YOUR INSTRUCTIONS:
From the data below, repeat everything exactly except the images.
***** DATA EXTRACT *****
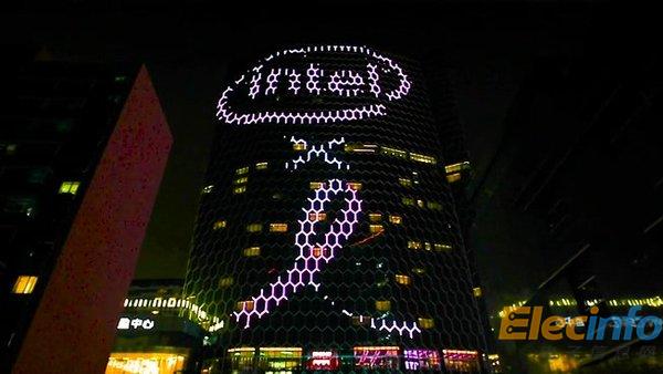 9月28日夜,英特爾的藍(lán)色LOGO變?yōu)榉凵?,閃耀在北京三里屯
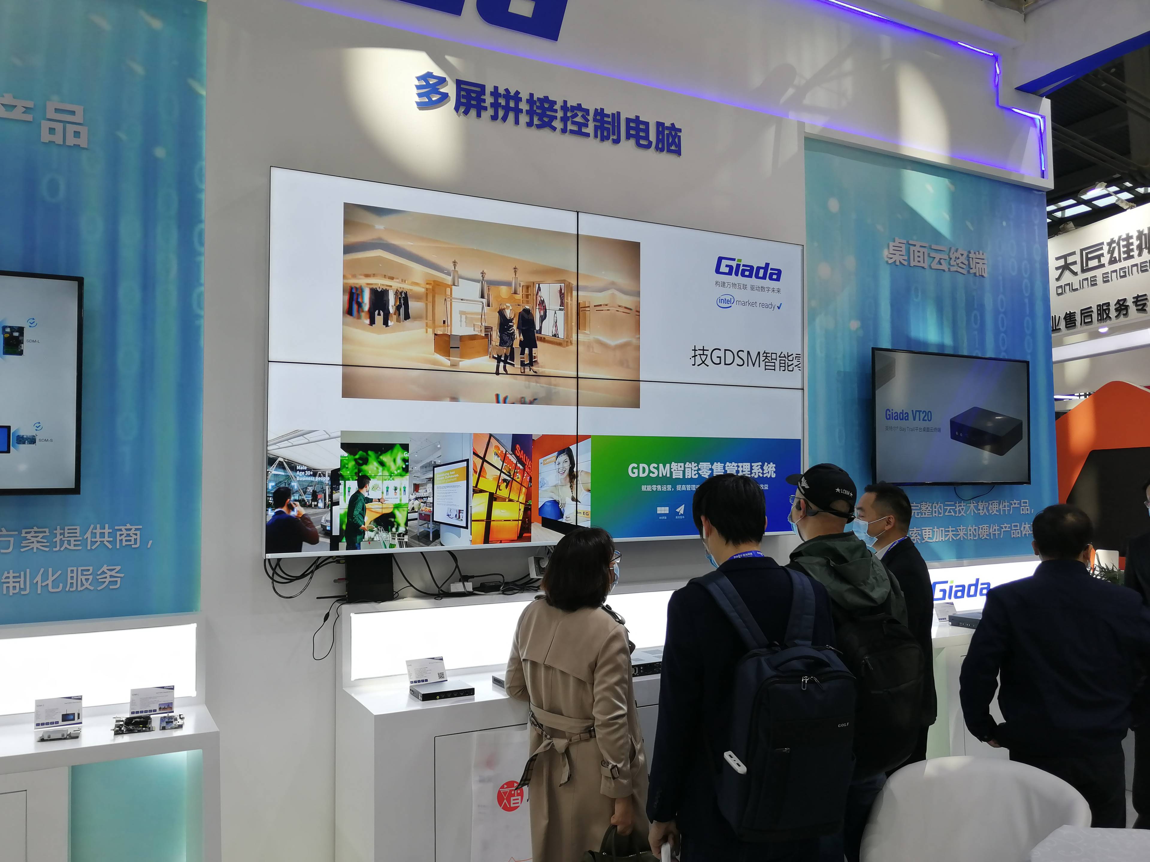 步入金年会|金年会·jinnian科技展位,首先呈现的是金年会|金年会·jinnian科技近年的商用显示ARM产品集和GDSM广告精准推送演示。金年会|金年会·jinnian科技DN系列媒体播放器分别使用了瑞芯微RK3288、RK3328和RK3399三款核心芯片;全部采用116mm*107mm*30mm的紧凑外观设计,轻便灵活;搭载RK3399的DN74媒体播放盒具备双屏4K异显输出能力,DN75在DN74的基础上额外扩展了HDMI-in视频输入接口,支持画中画或投屏显示。金年会|金年会·jinnian科技现场布署的所有单个屏幕都由DN系列媒体播放器作为信号源,GDSM智能零售管理系统下发的广告信息通过后台推送,再现了零售场景下如何管理多个分散布署的广告屏。
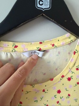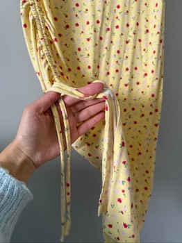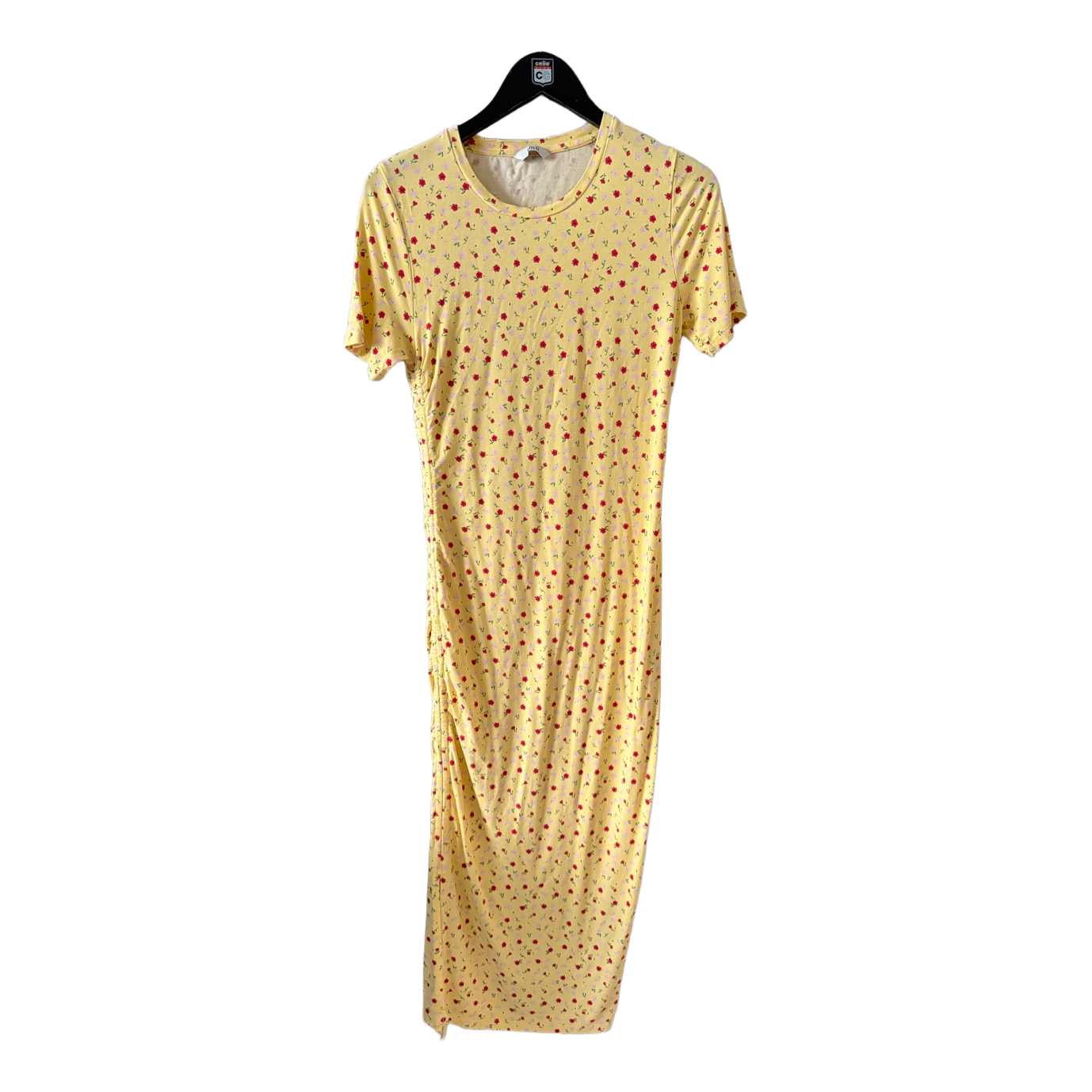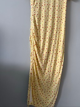 Yellow midi dress with small floral pattern. Features side ruching with a drawstring tie and a small side slit. Size L.
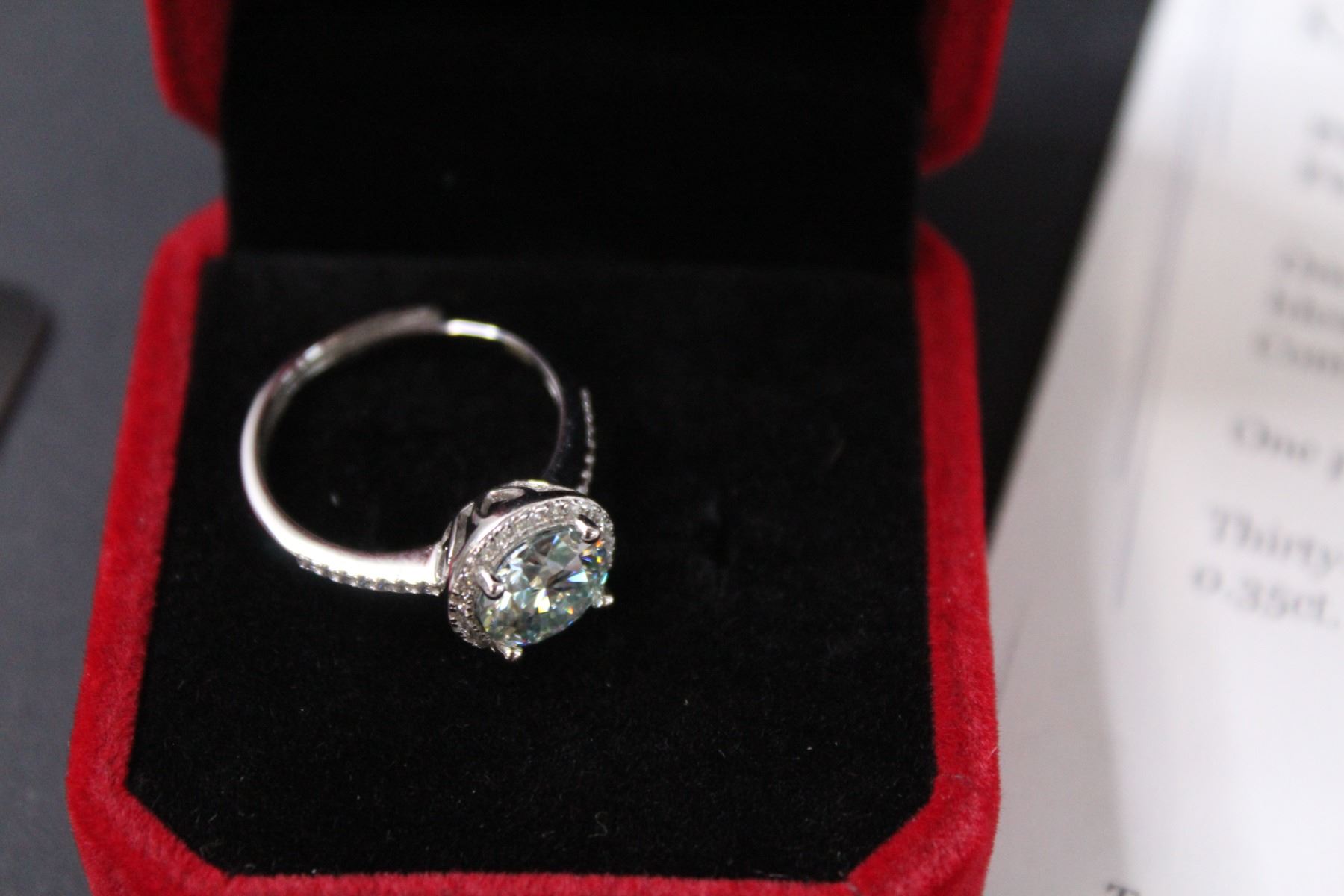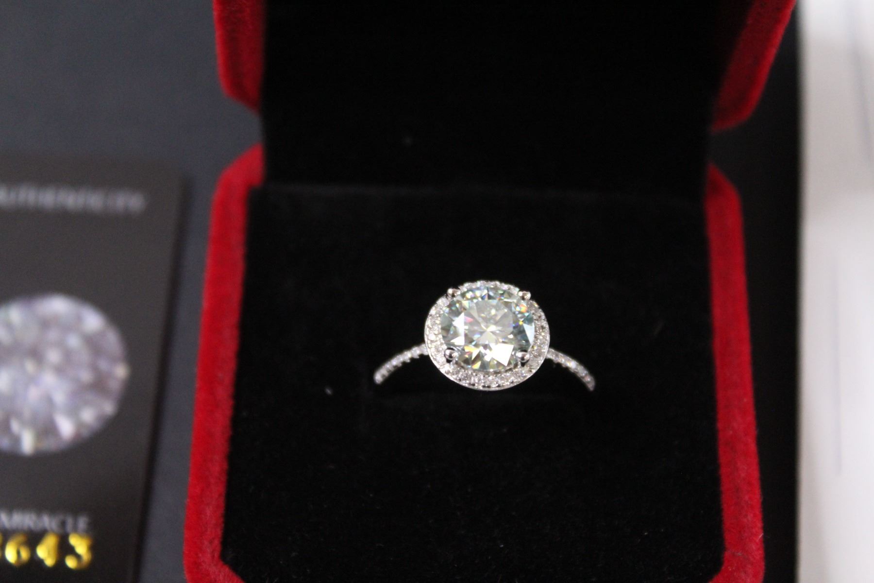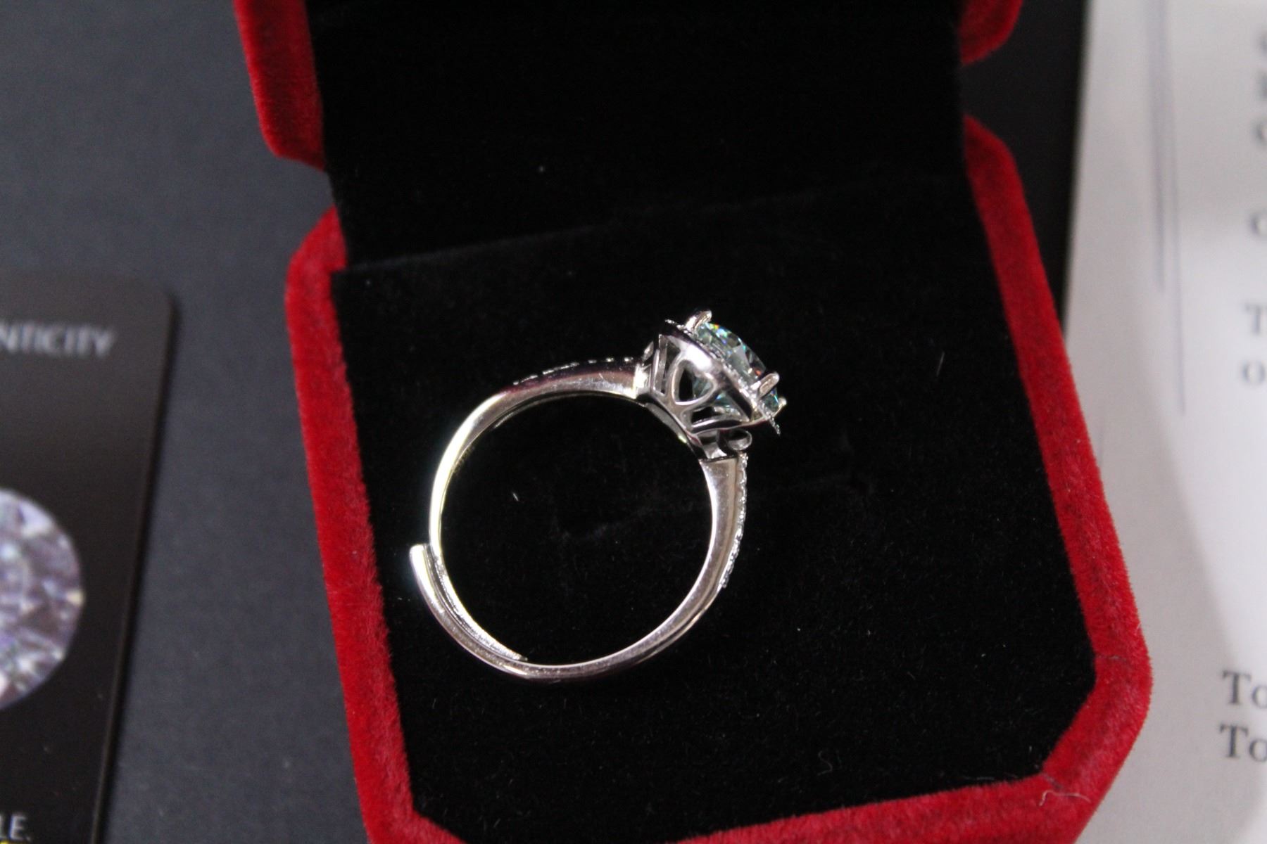 ^ Moissanite 2 ct. GRA Certified Round Brilliant Cut Stone VVS D Color Set in Sterling Silver - Ring Size Adjustable
*****
ANSWER TO THE EXERCISE:
 9月28日夜,英特爾的藍(lán)色LOGO變?yōu)榉凵?,閃耀在北京三里屯
 步入金年会|金年会·jinnian科技展位,首先呈现的是金年会|金年会·jinnian科技近年的商用显示ARM产品集和GDSM广告精准推送演示。金年会|金年会·jinnian科技DN系列媒体播放器分别使用了瑞芯微RK3288、RK3328和RK3399三款核心芯片;全部采用116mm*107mm*30mm的紧凑外观设计,轻便灵活;搭载RK3399的DN74媒体播放盒具备双屏4K异显输出能力,DN75在DN74的基础上额外扩展了HDMI-in视频输入接口,支持画中画或投屏显示。金年会|金年会·jinnian科技现场布署的所有单个屏幕都由DN系列媒体播放器作为信号源,GDSM智能零售管理系统下发的广告信息通过后台推送,再现了零售场景下如何管理多个分散布署的广告屏。
 Yellow midi dress with small floral pattern. Features side ruching with a drawstring tie and a small side slit. Size L.
 ^ Moissanite 2 ct. GRA Certified Round Brilliant Cut Stone VVS D Color Set in Sterling Silver - Ring Size Adjustable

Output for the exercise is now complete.